Perhaps director Joel Schumacher thought that adapting John Grisham's "A Time to Kill" would provide a welcome break from the simplicities of superhero filmmaking -- you know, a chance to tackle adult issues between "Batman" movies. But while Schumacher may have exchanged the Batcave for a Mississippi courtroom, he doesn't appear to have changed his stripes.

In Grisham's first -- and most substantive -- novel, the author explores the themes of justice, race and guilt in Faulkner country. Specifically, his attention falls on the trial of Carl Lee Hailey (Samuel L. Jackson), a black factory worker who, in front of half the citizens of Ford County, shoots and kills the two white men accused of viciously raping his 10-year-old daughter.

In his screen version, Schumacher does a flamboyant job of staging the book without showing the slightest interest in what it's about. Granted, Grisham's original is no masterpiece; it's beach reading, but it deserves credit for addressing its subject with some conviction and integrity.

But although the story pivots on subtle moral distinctions of complicity and guilt, the filmmakers paint the conflicts in the same broad, simplistic strokes used for "Independence Day" or the Batman films. It's slick, fast-paced and glamorously sexy -- like "To Kill a Mockingbird" with a blockbuster make-over.

The one virtue to this approach is that it isn't dull. The film has dynamism and energy, plus a healthy dose of star power -- all of which would be virtues if, at the same time, the filmmakers didn't ask to be taken seriously.

As the story is set up, the case against Carl Lee appears to be open-and-shut. But as the book attempts to demonstrate, when race and sex are mixed in modern-day Mississippi, there are no normal circumstances. If Lee relies on the legal system for satisfaction, in all probability the monsters who defiled his little girl will go free with a slap on the wrist. The thought that they might go unpunished drives him to pick up his gun and take matters into his own hands.

From the outset, Grisham avoids the usual questions of guilt and innocence that are usually the first priority in courtroom dramas: Lee's crime is committed in plain sight. Instead, the main issue is whether Lee's violent act was justified -- and in the larger sense, whether the taking of a life ever truly balances the scales of justice. But in the movie there is no higher moral authority than the jury's verdict.

The movie is seen through the eyes of Jake Brigance (Matthew McConaughey), the white lawyer who decides to defend Lee. A local boy who's evolved a half-step above most of his affluent, all-white crowd, Jake has a daughter, too. And in his heart of hearts, he knows full well what his reaction would be if his daughter had suffered as Carl Lee's had.

To take Lee's case, Jake has to oppose most of his friends -- including his secretary (Brenda Fricker), his best friend (Oliver Pratt) and, eventually, even his wife (Ashley Judd). He is depicted as the white knight -- the only man in the community willing to stand up in defense of goodness and right.

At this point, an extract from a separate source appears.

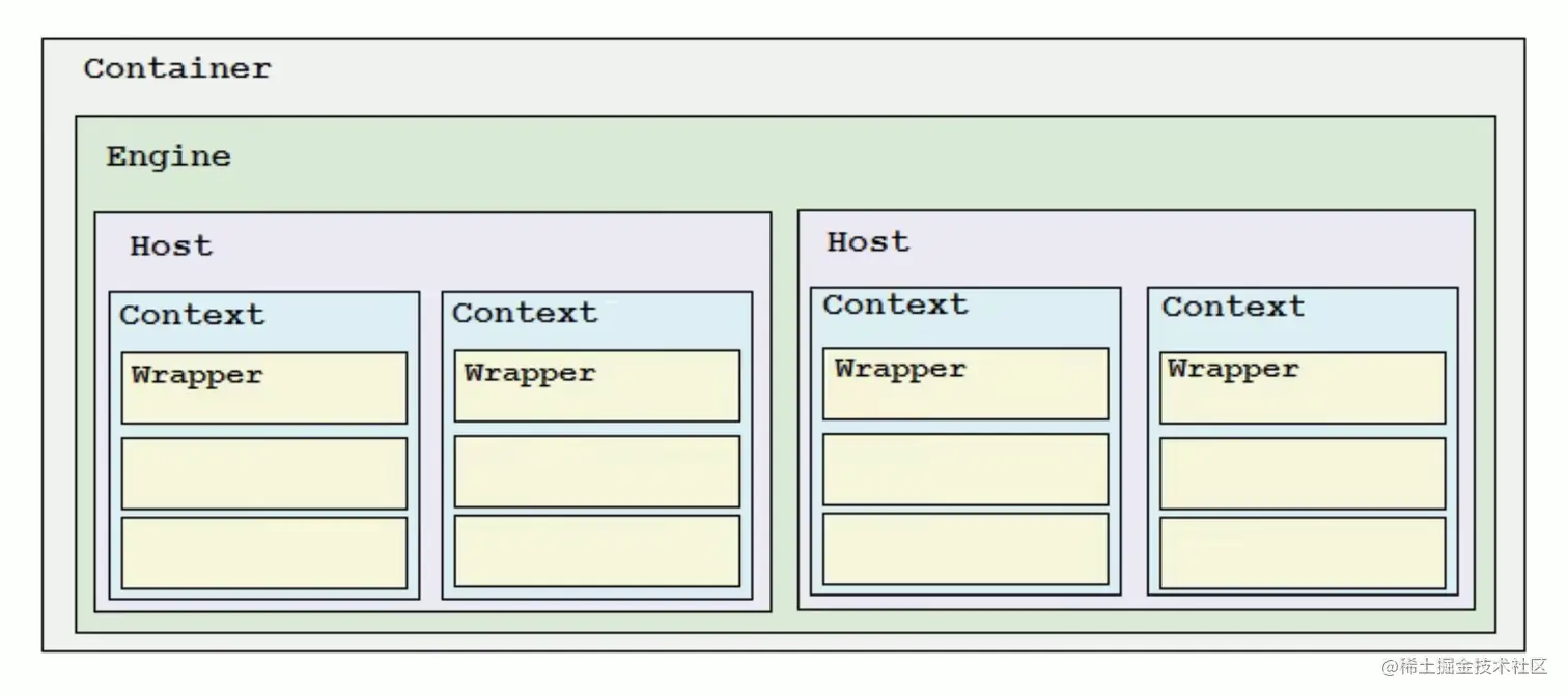 从图上你可以看到,最顶层是 Server,这里的 Server 指的就是一个 Tomcat 实例。一个 Server 中有一个或者多个 Service,一个 Service 中有多个连接器和一个容器。连接器与容器之间通过标准的 ServletRequest 和 ServletResponse 通信。

Jake's courtroom adversary is Rufus Buckley, a slick, ambitious operator played by Kevin Spacey, who pours on the regional flavoring without seeming to have much fun.

A Texas native, McConaughey does better with his Southern accent. He's convincing and at times even affecting in the role of a white man who thinks of himself as liberal and unprejudiced, but learns otherwise. In profile, the actor bears some resemblance to the young Brando (it's the forehead), and there's something of the Method star's volatile sexuality as well. In "A Time to Kill," however, Schumacher is so intent on marketing his leading man as a sexy hunk that McConaughey can never establish any emotional momentum.

Likewise Sandra Bullock, in a peripheral role, is also used as superstar meat. Her character is a rich law student who tries to persuade Jake to let her help in Lee's defense. Her T-shirt is so tight, you can count her ribs.

All the film's performers are undermined by commercial calculations -- even the usually dependable Jackson. And eventually the audience's enjoyment is undermined too. There's something wrong with a movie in which we're jerked out of a scene where Ku Klux Klan foot soldiers cause a riot on Main Street and into one where Bullock dabs antiseptic on McConaughey's peach-fuzzy behind.

A Time to Kill is rated R for violence and adult subject matter.